General discussion and conclusions
It is important to note that, as long as the transport of solute can be described by the simple CDE, as in this study, this transfer-function method permits unambiguous identification of parameters from partial breakthrough data. This is because the CDE has random, symmetric mixing occurring in the centre of fluid motion, so that the early stage contains as much information as the latter. When other processes, such as rate-limited exchange between fast and slowly moving water in bimodal flow or between mobile and immobile water occur in a soil, the scenarios are different. These processes have nested time scales and much of the information about these rate processes is housed in the tail of the BTC. Although this transfer-function method has yet to be tested under such conditions, we suggest that the method, because of its robust fitting capability, might provide good fits with the earlier sections of BTCs that are influenced by rate-limited processes. The method should also be useful for reactive soil-solute combinations that have linear sorption/desorption isotherms, because of its ability to fit 3 transport parameters (R, [tau], and N) simultaneously (Mojid et al. 2004).

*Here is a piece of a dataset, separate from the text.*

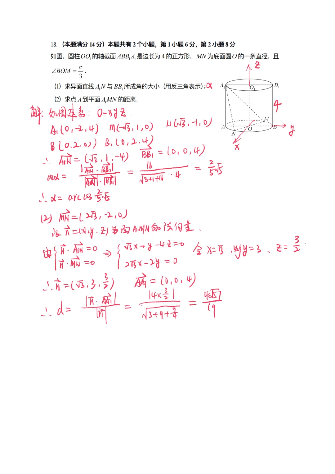 试卷分享0028:2026届上海松江区高三二模 数学试卷(答案+难题详解)

In this work, we followed the procedure described by Wakao and Kaguei (1982), who did not distinguish between resident and flux concentrations or specify the method of measuring the input and response signals, C(t). TDR, however, measures resident concentrations, whereas the transfer function in Eqn 3 is appropriate to flux concentrations. We acknowledge that this is a limitation in analysing our experiments, although the principle of the transfer-function method remains valid. However, any errors incurred as a result of this will be relatively minor at the values of P in our experiments (see, for example, lines A1 and A2 in fig. 44-1, and table 44-3, of van Genuchten and Wierenga 1986) and almost insignificant compared with experimental errors and the variability among the concentrations and replications for a particular soil illustrated in Fig. 5.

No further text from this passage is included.